In this exercise, the entries below include pictures. Repeat exactly the lines from the line with "省人大代表、臨沂市委書記張少軍(左)接受大眾網記者采訪。(盛堃 攝)" to the line with "Person using a", including both, but without the pictures.

Segment Start: Data

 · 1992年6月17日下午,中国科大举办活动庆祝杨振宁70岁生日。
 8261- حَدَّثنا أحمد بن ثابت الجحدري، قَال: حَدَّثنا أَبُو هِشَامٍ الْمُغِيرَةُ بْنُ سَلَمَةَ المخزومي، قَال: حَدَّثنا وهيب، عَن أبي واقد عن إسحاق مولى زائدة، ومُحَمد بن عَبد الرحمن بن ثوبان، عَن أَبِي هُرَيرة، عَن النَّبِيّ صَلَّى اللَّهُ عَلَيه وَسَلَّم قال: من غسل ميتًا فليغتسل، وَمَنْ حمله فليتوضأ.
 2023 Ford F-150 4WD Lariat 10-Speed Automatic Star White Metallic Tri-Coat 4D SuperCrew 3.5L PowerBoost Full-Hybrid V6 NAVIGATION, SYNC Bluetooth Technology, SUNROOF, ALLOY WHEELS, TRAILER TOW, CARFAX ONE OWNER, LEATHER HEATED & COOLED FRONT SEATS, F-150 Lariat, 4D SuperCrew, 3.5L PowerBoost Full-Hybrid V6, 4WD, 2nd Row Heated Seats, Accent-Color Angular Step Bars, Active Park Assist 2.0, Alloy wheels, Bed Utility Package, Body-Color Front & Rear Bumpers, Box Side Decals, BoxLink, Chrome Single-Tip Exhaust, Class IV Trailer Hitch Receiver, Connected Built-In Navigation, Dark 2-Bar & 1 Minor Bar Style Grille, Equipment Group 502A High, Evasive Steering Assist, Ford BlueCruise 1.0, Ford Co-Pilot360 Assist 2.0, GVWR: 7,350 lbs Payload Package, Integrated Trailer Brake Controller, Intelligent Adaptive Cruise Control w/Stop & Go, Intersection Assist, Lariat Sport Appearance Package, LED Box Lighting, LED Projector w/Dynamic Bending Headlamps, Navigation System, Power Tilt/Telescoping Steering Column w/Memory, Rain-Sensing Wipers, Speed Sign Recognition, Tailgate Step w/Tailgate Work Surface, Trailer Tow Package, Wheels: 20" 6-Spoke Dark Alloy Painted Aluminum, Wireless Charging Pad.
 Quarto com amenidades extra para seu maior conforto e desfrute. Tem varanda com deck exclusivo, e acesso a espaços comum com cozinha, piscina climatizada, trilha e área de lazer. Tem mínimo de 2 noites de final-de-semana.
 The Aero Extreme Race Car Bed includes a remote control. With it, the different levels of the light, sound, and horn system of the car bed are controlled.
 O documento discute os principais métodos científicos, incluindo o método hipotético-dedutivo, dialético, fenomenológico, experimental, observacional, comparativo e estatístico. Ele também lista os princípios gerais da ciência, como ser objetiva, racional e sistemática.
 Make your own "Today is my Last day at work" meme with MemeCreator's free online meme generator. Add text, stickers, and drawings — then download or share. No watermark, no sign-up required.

Segment End: Data
Segment Start: Data

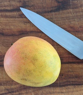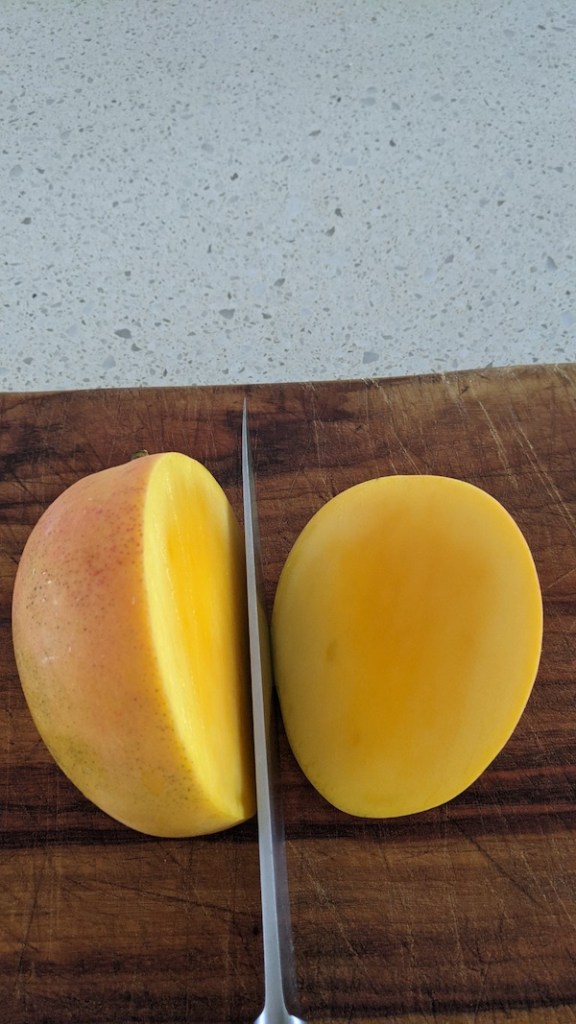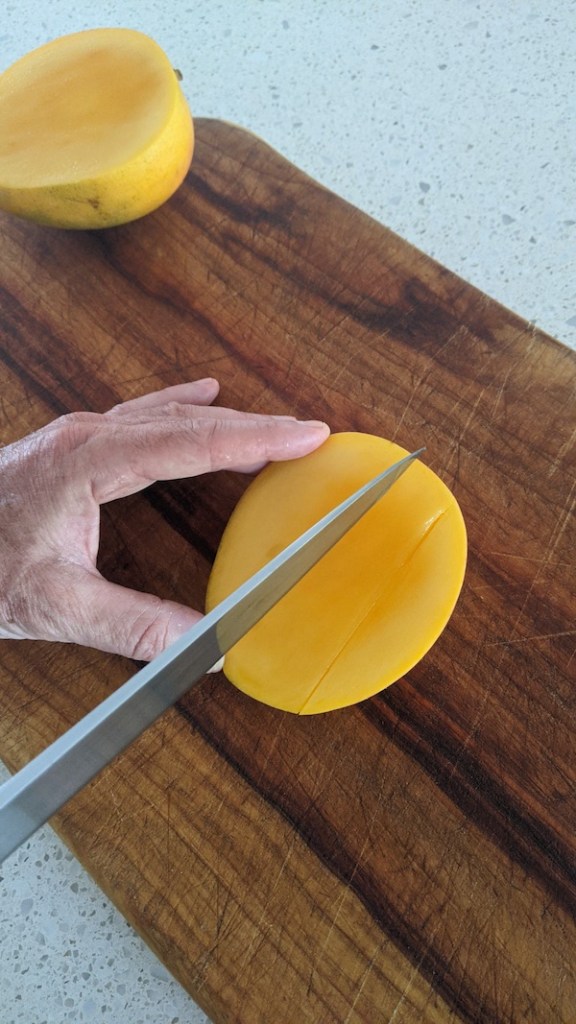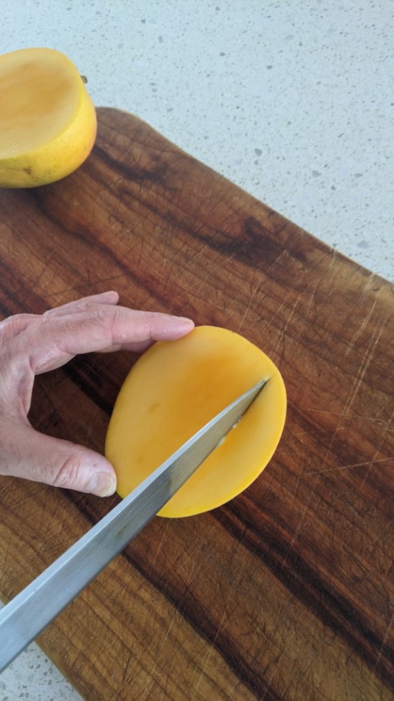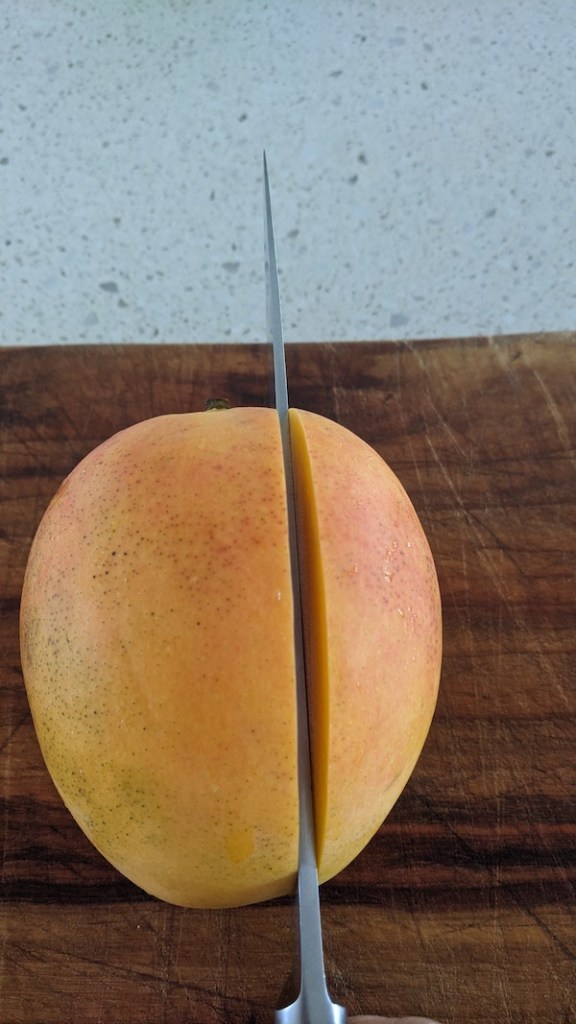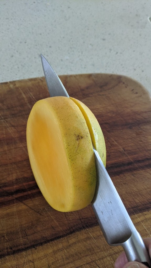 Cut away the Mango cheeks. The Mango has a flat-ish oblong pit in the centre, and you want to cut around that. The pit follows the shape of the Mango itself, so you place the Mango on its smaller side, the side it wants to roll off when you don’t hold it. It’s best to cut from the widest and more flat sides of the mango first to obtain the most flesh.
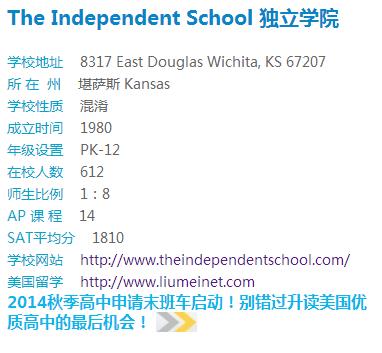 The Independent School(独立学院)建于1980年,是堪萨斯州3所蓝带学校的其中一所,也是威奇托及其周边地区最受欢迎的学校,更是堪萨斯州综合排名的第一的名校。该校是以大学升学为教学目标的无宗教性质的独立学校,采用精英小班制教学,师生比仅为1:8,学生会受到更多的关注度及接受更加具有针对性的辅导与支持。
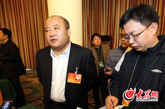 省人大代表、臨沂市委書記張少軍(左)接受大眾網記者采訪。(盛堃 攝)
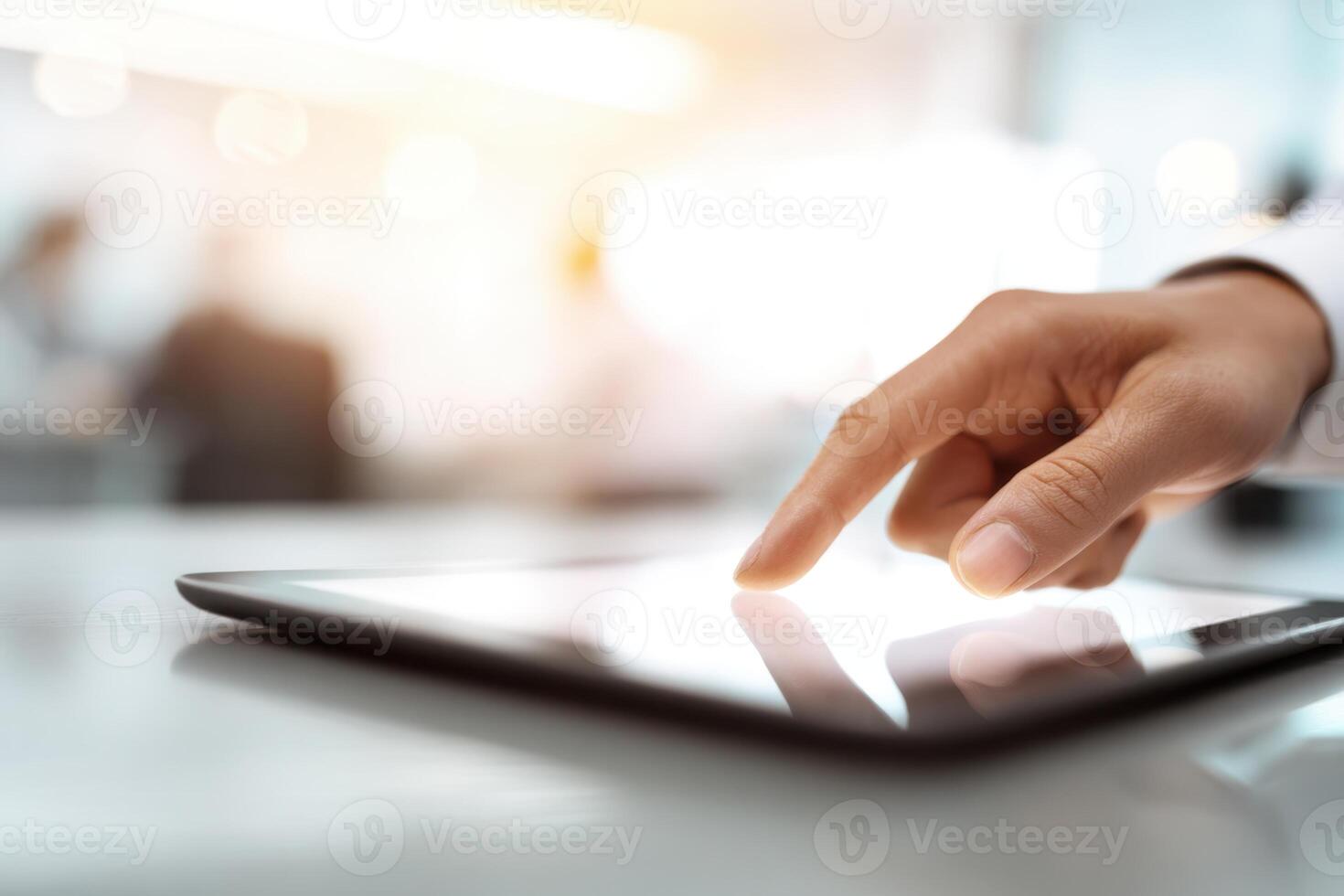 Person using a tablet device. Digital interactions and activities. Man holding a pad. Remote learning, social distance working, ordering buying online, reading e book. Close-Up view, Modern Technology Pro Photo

Segment End: Data

> **Written response**:
 省人大代表、臨沂市委書記張少軍(左)接受大眾網記者采訪。(盛堃 攝)
 Person using a tablet device. Digital interactions and activities. Man holding a pad. Remote learning, social distance working, ordering buying online, reading e book. Close-Up view, Modern Technology Pro Photo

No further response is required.